▶ [WORK ORDER] Below is a listing with pictures. Repeat exactly the lines starting at the one holding "- Toma 2 cápsulas" and going on through the one holding "Automatic opening. 4.5″", and leave every picture out.

▶ [DATA EXTRACT]
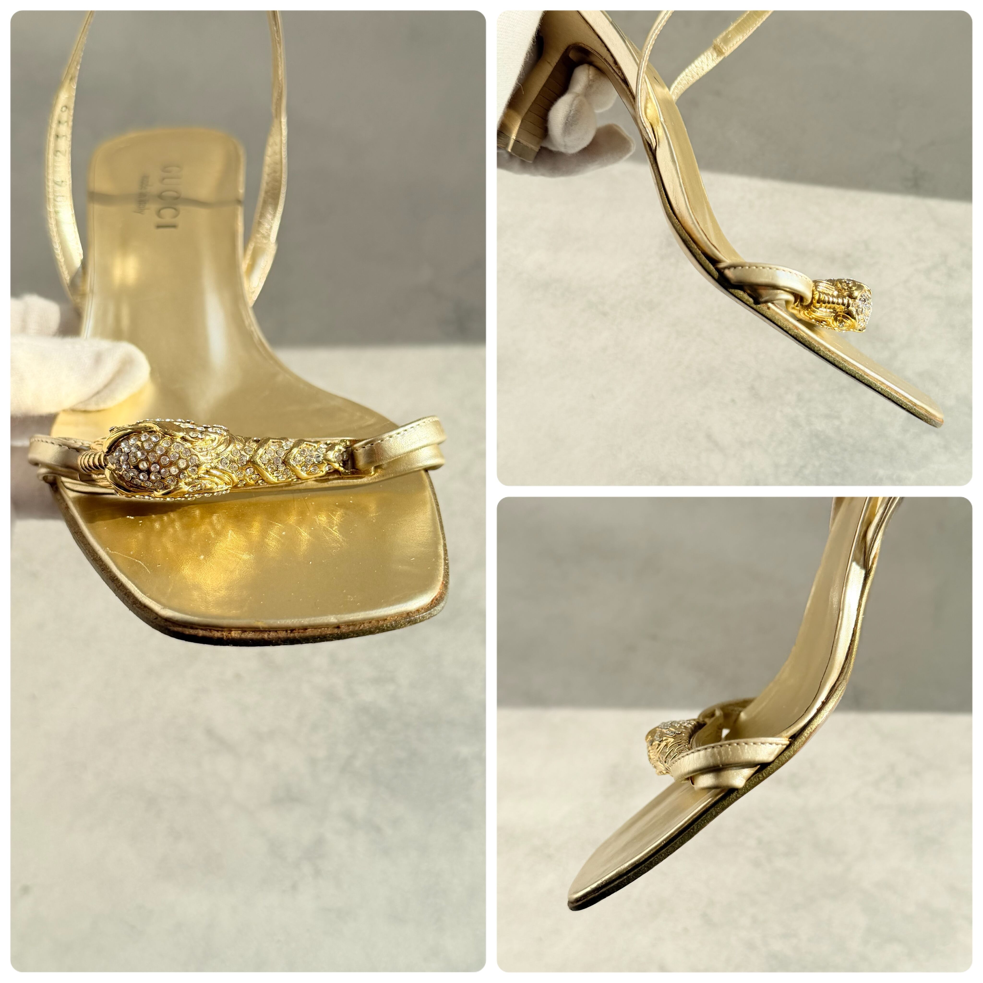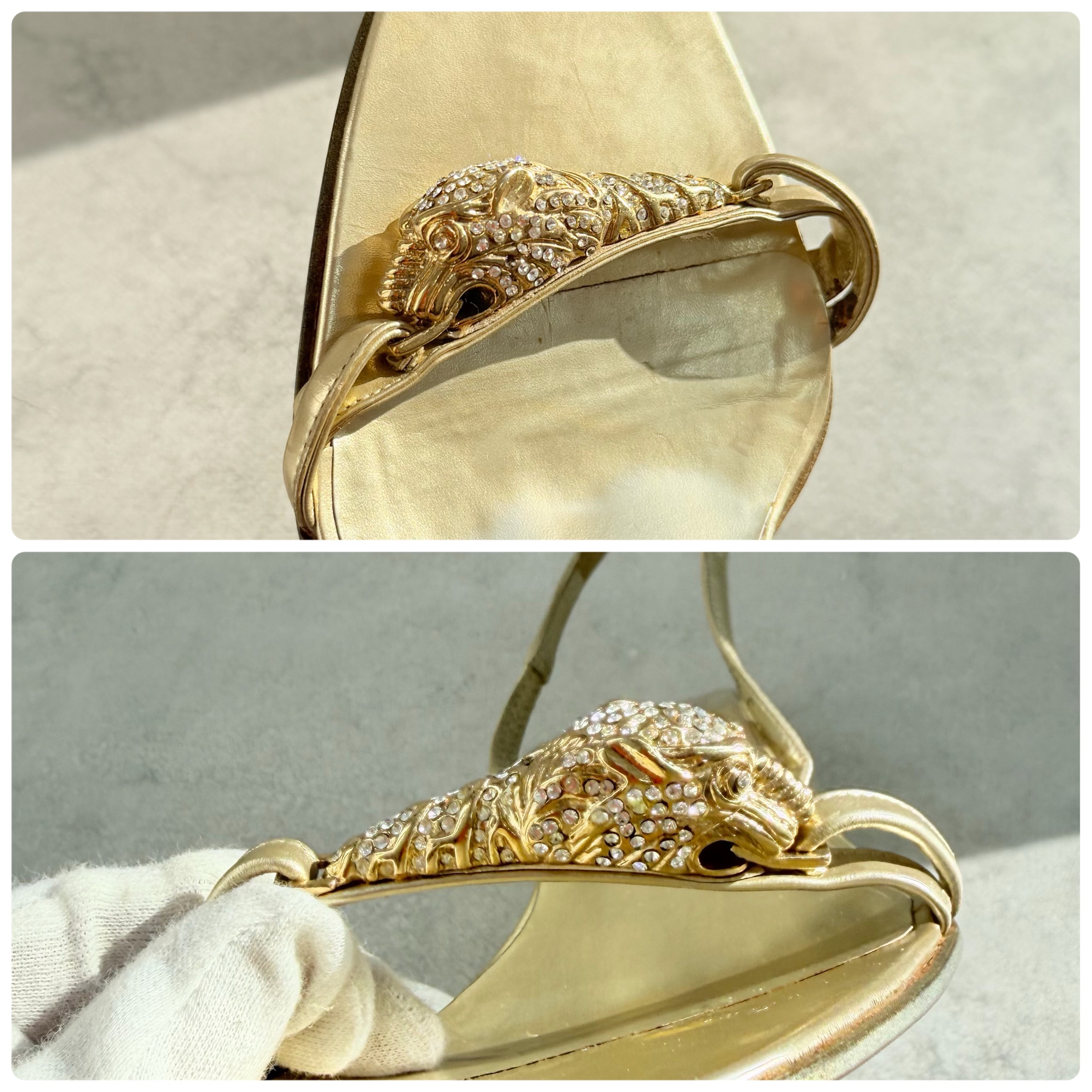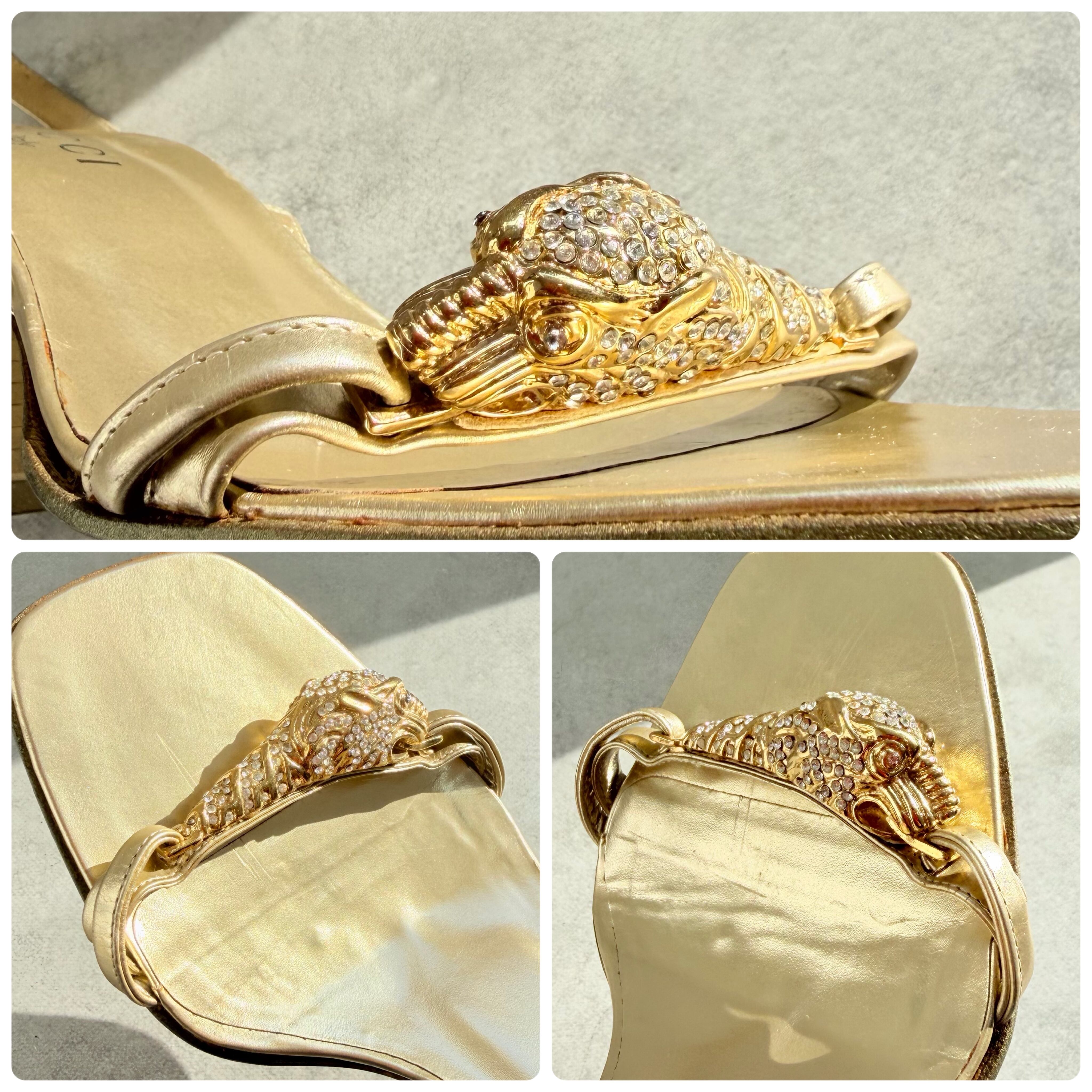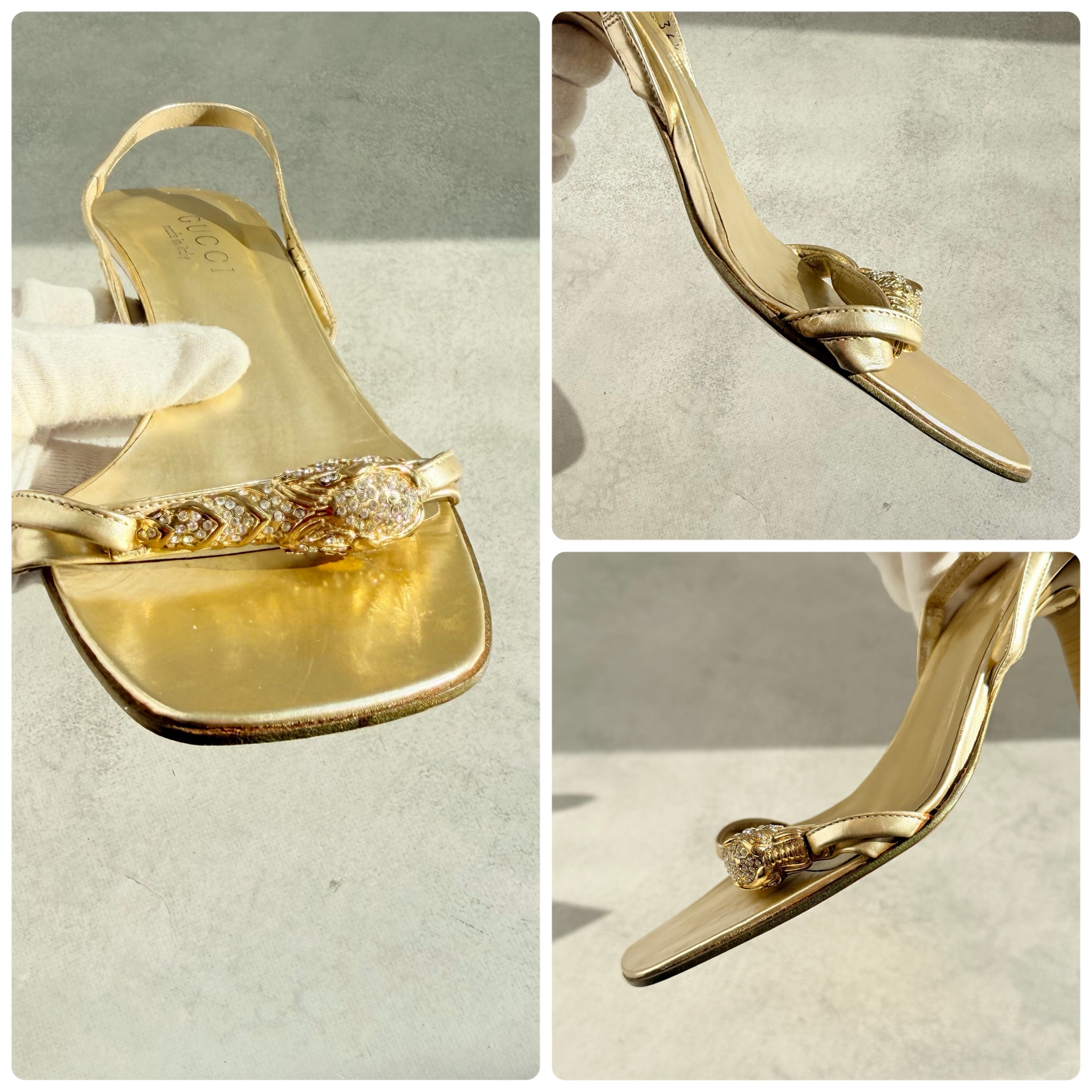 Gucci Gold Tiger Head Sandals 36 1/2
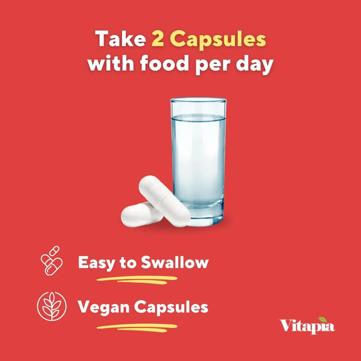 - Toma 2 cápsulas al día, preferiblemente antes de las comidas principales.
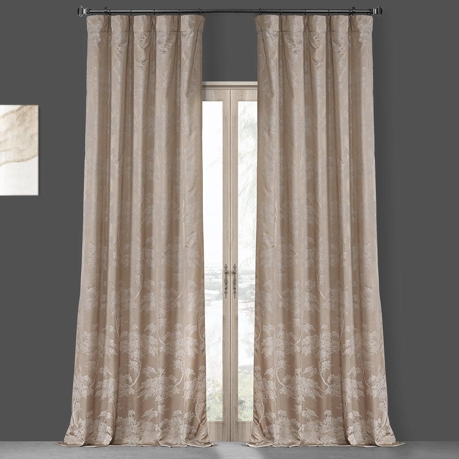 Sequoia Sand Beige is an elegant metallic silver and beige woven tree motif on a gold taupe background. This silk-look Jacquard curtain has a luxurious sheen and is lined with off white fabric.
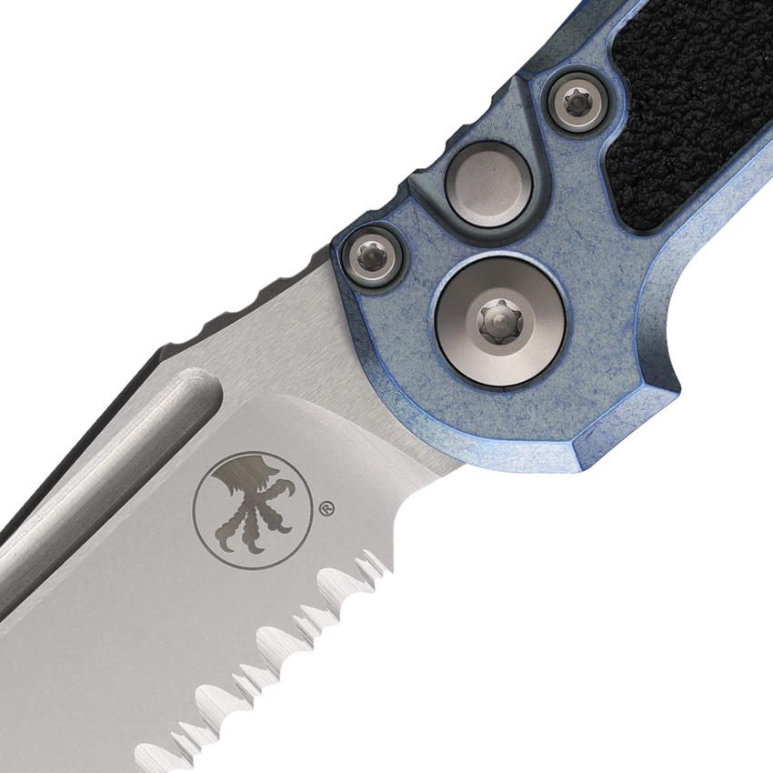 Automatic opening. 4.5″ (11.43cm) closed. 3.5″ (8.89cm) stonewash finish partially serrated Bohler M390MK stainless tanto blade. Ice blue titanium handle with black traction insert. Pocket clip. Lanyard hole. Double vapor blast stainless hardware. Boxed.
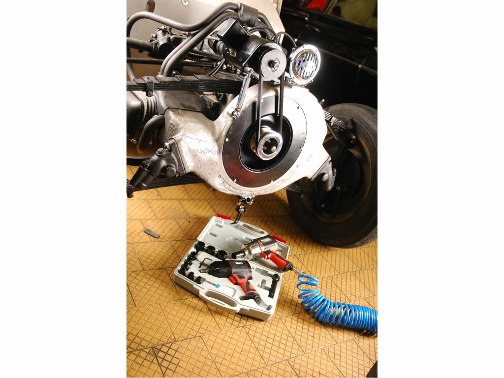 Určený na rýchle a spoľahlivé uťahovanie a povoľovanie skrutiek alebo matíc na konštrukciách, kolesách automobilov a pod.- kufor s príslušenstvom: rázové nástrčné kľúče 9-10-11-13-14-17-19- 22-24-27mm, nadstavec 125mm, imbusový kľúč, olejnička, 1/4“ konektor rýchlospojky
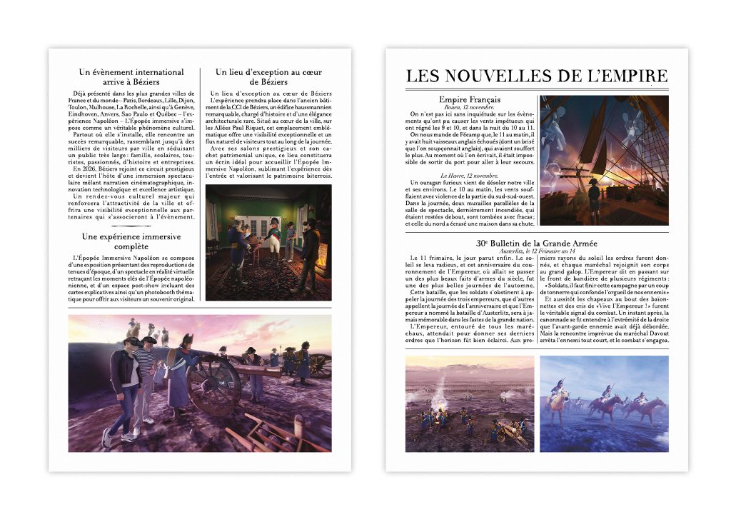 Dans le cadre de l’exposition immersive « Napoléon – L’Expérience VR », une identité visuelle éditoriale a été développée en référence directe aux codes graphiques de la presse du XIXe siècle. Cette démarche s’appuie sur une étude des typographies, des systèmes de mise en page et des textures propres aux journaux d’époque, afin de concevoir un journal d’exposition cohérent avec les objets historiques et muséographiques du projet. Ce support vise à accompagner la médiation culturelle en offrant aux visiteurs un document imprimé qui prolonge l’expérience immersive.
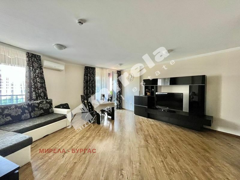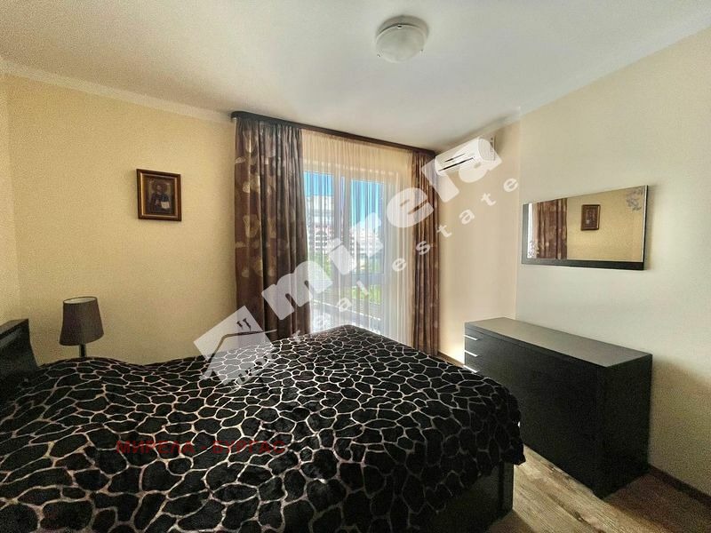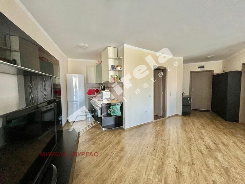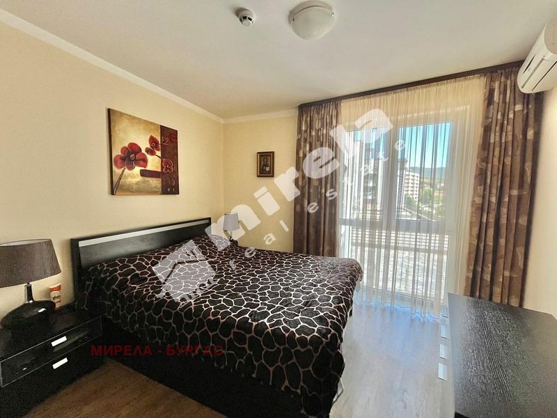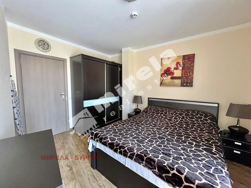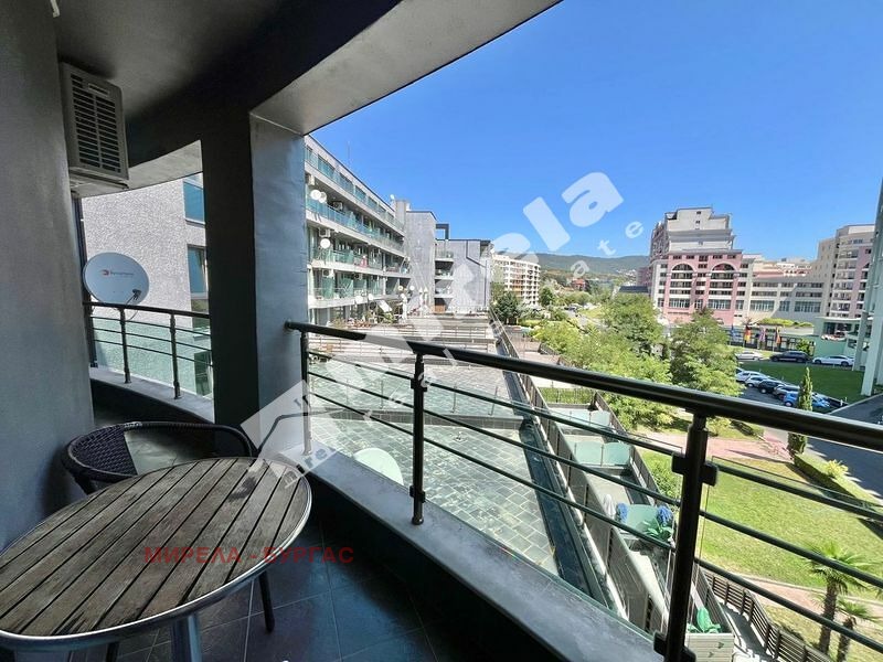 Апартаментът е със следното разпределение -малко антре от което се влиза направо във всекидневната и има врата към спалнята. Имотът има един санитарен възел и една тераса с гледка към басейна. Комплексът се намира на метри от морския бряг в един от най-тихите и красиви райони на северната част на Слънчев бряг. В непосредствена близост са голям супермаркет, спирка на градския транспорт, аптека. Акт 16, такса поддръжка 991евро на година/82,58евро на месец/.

▶ [THE ANSWER]
 - Toma 2 cápsulas al día, preferiblemente antes de las comidas principales.
 Sequoia Sand Beige is an elegant metallic silver and beige woven tree motif on a gold taupe background. This silk-look Jacquard curtain has a luxurious sheen and is lined with off white fabric.
 Automatic opening. 4.5″ (11.43cm) closed. 3.5″ (8.89cm) stonewash finish partially serrated Bohler M390MK stainless tanto blade. Ice blue titanium handle with black traction insert. Pocket clip. Lanyard hole. Double vapor blast stainless hardware. Boxed.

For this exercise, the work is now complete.